6. The build-script payload

This one is not a bug an LLM writes by mistake. This is a bug an LLM writes by helpful imitation. Ask an agent to “add a dependency for X” and it will reach for the most-popular crate, which last week’s typosquat was banking on. The published Rust typosquat history — faster_log, async_println, evm-units, timeapis.io — is exactly the failure surface where the agent’s helpfulness is most dangerous. The agent picked the package the user named. The package executed code at build time. The .env got exfiltrated to a C2 server in Riga.
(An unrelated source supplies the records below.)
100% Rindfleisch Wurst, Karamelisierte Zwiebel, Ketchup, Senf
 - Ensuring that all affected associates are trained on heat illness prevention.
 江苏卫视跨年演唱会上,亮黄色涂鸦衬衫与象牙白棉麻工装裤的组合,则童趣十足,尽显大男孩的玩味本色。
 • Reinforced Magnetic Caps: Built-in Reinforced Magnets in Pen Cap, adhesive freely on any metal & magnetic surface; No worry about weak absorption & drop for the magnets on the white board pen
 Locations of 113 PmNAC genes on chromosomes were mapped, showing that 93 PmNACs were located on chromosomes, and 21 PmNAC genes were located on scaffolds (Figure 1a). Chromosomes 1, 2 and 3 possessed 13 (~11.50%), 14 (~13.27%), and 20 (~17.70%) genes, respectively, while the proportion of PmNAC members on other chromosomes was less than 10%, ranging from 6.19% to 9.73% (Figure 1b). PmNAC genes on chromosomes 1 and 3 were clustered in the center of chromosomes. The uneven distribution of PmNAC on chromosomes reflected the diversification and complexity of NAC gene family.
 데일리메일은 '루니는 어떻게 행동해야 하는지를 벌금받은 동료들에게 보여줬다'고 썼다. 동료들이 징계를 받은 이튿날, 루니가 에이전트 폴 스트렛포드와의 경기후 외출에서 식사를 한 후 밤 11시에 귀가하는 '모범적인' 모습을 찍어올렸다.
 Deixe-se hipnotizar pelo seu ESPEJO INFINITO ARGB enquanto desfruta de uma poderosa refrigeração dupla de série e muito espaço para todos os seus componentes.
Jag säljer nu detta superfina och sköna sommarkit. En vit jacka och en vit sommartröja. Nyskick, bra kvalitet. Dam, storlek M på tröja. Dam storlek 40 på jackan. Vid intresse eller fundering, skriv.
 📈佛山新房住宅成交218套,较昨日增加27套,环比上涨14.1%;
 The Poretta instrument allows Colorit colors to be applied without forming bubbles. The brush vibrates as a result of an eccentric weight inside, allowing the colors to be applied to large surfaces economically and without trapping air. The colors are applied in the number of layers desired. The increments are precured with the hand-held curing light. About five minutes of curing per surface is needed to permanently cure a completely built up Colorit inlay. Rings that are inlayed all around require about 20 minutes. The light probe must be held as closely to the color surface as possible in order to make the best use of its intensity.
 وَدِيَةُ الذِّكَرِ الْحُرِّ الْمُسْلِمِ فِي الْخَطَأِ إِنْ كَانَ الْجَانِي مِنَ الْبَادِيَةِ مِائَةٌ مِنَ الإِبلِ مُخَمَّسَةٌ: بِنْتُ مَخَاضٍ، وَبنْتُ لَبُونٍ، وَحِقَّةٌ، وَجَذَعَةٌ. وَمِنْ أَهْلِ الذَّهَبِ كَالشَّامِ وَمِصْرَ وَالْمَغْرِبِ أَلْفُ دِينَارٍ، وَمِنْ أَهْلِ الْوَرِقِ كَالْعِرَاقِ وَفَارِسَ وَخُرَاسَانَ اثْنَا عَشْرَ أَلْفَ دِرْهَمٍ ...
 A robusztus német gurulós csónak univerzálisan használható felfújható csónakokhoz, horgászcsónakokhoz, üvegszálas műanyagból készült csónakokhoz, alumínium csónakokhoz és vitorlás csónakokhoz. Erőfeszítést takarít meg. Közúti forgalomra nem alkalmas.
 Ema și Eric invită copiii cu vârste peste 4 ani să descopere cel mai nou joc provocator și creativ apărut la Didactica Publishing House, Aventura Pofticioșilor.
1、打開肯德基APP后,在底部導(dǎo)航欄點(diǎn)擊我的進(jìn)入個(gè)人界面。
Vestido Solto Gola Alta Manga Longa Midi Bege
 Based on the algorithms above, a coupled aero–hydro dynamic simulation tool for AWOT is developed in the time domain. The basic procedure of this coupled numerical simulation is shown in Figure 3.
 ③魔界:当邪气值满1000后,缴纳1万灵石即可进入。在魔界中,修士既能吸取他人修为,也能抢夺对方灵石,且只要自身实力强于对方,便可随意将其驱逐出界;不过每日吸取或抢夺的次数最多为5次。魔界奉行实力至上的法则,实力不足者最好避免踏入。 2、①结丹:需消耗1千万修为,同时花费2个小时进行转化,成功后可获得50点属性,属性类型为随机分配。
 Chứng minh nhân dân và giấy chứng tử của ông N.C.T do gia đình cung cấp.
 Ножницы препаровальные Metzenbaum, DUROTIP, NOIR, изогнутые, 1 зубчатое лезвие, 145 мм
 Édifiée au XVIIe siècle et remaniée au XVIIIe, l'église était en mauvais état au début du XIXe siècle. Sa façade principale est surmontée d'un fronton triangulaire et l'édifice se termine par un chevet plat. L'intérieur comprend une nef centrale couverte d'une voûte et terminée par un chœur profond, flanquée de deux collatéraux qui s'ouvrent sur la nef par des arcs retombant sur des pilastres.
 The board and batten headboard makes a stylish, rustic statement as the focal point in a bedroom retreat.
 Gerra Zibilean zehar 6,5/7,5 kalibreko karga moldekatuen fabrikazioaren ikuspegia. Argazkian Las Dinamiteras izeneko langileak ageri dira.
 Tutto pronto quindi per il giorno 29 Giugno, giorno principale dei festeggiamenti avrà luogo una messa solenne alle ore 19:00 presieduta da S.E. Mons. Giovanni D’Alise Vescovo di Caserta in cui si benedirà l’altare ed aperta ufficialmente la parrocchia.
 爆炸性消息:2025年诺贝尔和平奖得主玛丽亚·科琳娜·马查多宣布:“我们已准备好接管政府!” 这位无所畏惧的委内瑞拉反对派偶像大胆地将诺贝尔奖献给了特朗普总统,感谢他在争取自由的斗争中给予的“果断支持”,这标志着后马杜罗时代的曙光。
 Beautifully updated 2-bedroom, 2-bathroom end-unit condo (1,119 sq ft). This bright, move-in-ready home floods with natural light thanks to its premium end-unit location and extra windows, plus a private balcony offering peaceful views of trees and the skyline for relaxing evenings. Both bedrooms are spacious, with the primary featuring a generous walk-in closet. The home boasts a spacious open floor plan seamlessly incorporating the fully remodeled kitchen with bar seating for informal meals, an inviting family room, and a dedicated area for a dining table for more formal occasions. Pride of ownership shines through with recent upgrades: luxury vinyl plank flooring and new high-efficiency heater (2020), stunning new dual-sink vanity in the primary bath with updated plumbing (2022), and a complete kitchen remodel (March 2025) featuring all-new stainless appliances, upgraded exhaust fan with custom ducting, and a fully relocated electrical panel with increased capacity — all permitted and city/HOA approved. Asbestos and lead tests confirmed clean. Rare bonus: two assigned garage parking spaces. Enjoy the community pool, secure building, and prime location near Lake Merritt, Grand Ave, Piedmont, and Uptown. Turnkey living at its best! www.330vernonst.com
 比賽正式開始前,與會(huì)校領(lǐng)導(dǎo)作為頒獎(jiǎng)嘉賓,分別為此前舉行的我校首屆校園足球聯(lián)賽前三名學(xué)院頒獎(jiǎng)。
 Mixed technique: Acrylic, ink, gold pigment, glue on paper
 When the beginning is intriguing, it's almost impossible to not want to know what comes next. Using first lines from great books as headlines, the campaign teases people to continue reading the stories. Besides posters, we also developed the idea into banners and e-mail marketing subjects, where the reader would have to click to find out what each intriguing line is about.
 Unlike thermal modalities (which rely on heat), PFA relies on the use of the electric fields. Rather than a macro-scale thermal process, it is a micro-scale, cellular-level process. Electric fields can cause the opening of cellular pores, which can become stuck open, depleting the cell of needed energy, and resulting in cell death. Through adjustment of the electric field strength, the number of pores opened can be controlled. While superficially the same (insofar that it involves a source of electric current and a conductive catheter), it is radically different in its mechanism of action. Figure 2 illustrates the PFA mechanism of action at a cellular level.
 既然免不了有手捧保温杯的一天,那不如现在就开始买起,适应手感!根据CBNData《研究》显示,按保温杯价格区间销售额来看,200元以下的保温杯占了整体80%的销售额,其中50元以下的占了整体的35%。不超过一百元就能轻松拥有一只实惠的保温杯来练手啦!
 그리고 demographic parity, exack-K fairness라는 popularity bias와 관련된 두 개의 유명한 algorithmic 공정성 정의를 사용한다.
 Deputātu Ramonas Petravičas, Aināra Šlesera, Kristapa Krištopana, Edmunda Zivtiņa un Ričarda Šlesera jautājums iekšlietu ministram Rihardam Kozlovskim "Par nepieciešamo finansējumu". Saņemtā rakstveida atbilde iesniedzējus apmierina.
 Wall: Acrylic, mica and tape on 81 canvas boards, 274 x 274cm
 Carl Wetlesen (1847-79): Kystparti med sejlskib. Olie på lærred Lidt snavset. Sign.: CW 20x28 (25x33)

fastC removes the bug class. There is no build.rs. The package manifest is declarative. Dependencies are git URLs with commit + sha256 + cosign keyless signing. The agent can still pick the wrong dependency — pinning helps, signing helps, but if the human added a malicious URL the human added a malicious URL. The compiler will not silently fetch the dependency, run a payload, and then start compiling. The compiler will fail loudly when the hash does not match, and that is all.

What fastC does not fix

A non-exhaustive list, in honest order:

• Logic bugs in the body. If the agent writes the wrong formula, the wrong formula will compile. Contracts only help if you wrote one. The agent can write contracts; humans review them. This is still labor.
• Misuse of unsafe. fastC has unsafe blocks. They are smaller in surface area than Rust’s because the surrounding type system is smaller, but a determined or careless agent can defeat the system by reaching for unsafe. The lint flags it. The reviewer has to actually read it.
• Concurrency bugs. Stage 2.3 brings async. Until then, fastC is synchronous and we do not try to be better than C on threading semantics. (We are better on capabilities — proc.spawn and net.listen need their caps — but pure data-race bugs in shared memory are a different threat model.)
• Bad dependencies you chose to pin. Vendoring with a sha256 does not validate that the code at that hash is good. It only validates that you reviewed it once and it has not changed.

The shape of the bet

If you read the cross-language benchmark numbers in the README, fastC matches or beats every other language on first-compile success in T1, sits in the C / Zig class on binary size, and produces zero silently-wrong outputs on the safety wedge. That is what the language-design choices are for. The bet is that those three properties together change the economics of code review when an agent is the modal author. Reviewing a fastC diff is reviewing signatures, not bodies. Signatures fit on a screen. Bodies do not.

If you want the language-design rationale at length, docs/MANIFESTO.md in the source tree is the longest version of the argument. The version above is the one we tell when someone hands us a stack of bug reports from their AI-pair-programming pilot and asks what is going wrong.

Most of it is the same six shapes. Most of the fixes are structural.